Collecting                                     |0.00 [00:00,    ?entry/s]
Fetching
  3%|▎         |Fetching from local            126/4659 [00:08<05:33, 13.59file/s]

What commands should I use instead, to download and then upload the edited file (updating the version of the dataset) without downloading everything else?

Environment

My dvc.config:

[core]
    remote = origin
[cache]
    type = "hardlink,symlink"
['remote "origin"']
    url = /mnt/data/segmentation/dvc/

dvc doctor output:

DVC version: 3.36.1 (pip)
-------------------------
Platform: Python 3.11.6 on Linux-6.6.6-arch1-1-x86_64-with-glibc2.38
Subprojects:
        dvc_data = 3.3.0
        dvc_objects = 3.0.0
        dvc_render = 1.0.0
        dvc_task = 0.3.0
        scmrepo = 2.0.2
Supports:
        gs (gcsfs = 2023.12.2.post1),
        http (aiohttp = 3.9.1, aiohttp-retry = 2.8.3),
        https (aiohttp = 3.9.1, aiohttp-retry = 2.8.3)
Config:
        Global: /home/andrew/.config/dvc
        System: /etc/xdg/dvc
Cache types: hardlink, symlink
Cache directory: ext4 on /dev/nvme0n1p2
Caches: local
Remotes: local
Workspace directory: ext4 on /dev/nvme0n1p2
Repo: dvc, git
Repo.site_cache_dir: /var/tmp/dvc/repo/e982b2365151c5553fc93e6ac9ceb1bc

Future problem

I also would like to ask about the second point. Would it be possible to have such an option at all? It appears that DVC stores data in a quite specific format (when I manually inspected the content of /mnt/data/segmentation/dvc/), so just mounting NAS wouldn’t be enough. I also found out an API fnction, but it would require writing specific adapters to load files dynamically during training/inference, which is not desirable, but okay if this is really the only option. I also have suspicions regarding the performance of this approach.

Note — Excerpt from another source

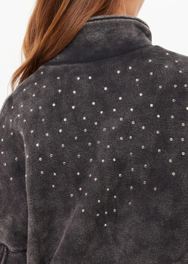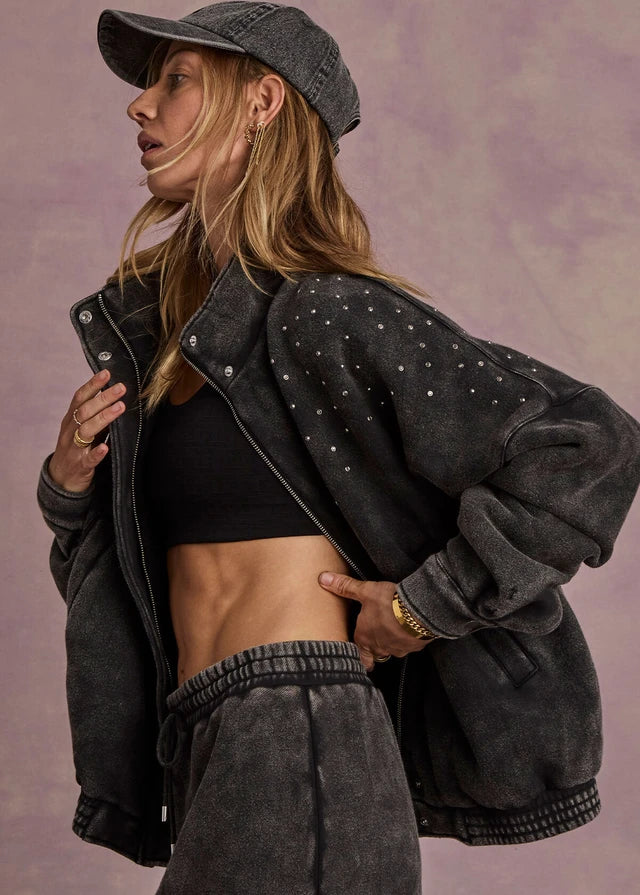 Merging the rugged attitude of a moto jacket with a touch of unexpected glamour, this piece is the ultimate statement in "tough-meets-luxe." The heavy-weight organic fleece provides a structured silhouette, while the hand-placed sparkle adds a sophisticated edge to your street-style rotation.

Hi, @async_andrew. This looks like a regression in dvc>=3.0.0. I have opened an issue in partial fetch is broken · Issue #10199 · iterative/dvc · GitHub. Please subscribe to it.

Thanks.

Thank you for the information and for reproducing the bug for me!

Apart from partial downloading, could please advise me on my second usage scenario. What is the best way to achieve it with DVC?

Hi. Regarding the 2nd point, yes, that’s possible. DVC has a concept of external dependency. See External Dependencies and Outputs.

Inspect/add/remove files from data, without downloading the rest of the data

DVC does support all of these operations without downloading. See Modifying Large Datasets.

You can append a file or a directory to an existing dataset. You can also remove a file or a directory. But there’s a regression, which will hopefully be fixed soon.

You can inspect with dvc ls command.

1 Like

Thank you for the answer!

The section mentions how to link with external dependencies, but what if I want to address the versioned external dependency (aka dvc remote) without downloading it? It seems that it is only possible with cloud versioning, which is obviously unavailable for NAS drives, am I correct?

If you are using the DVC python API it’s possible to stream the specific version of a file tracked by DVC using dvc.api.open(..., rev=...) and dvc.api.read(..., rev=...) (where rev is the git revision for the version you want to use)

Otherwise, you can also use dvc get --show-url --rev=... from the command line to show the remote URL for the specific version of the file you want (and then pass that path into whatever other tool/script you need). For a local remote, the URL in this case would just be a path within your local mount point for the NAS drive.

1 Like

Hi @async_andrew. Would you be able to test fix partial fetch by skshetry · Pull Request #10205 · iterative/dvc · GitHub and see if partial pull works for you or not?

You can use the following command to install it:

pip install git+https://github.com/iterative/dvc@refs/pull/10205/merge

Hi @skshetry. I have just checked, and partial pull works fine. Thank you!

1 Like

Hi @pmrowla. What should I specify as a dependency (in dvc.yaml), for a stage that uses DVC API to get data from dvc remote so that it is tracked properly?

DVC doesn’t really support that use case. If you have a dependency on a DVC tracked file from another DVC repository, you would normally use dvc import to track that dependency instead.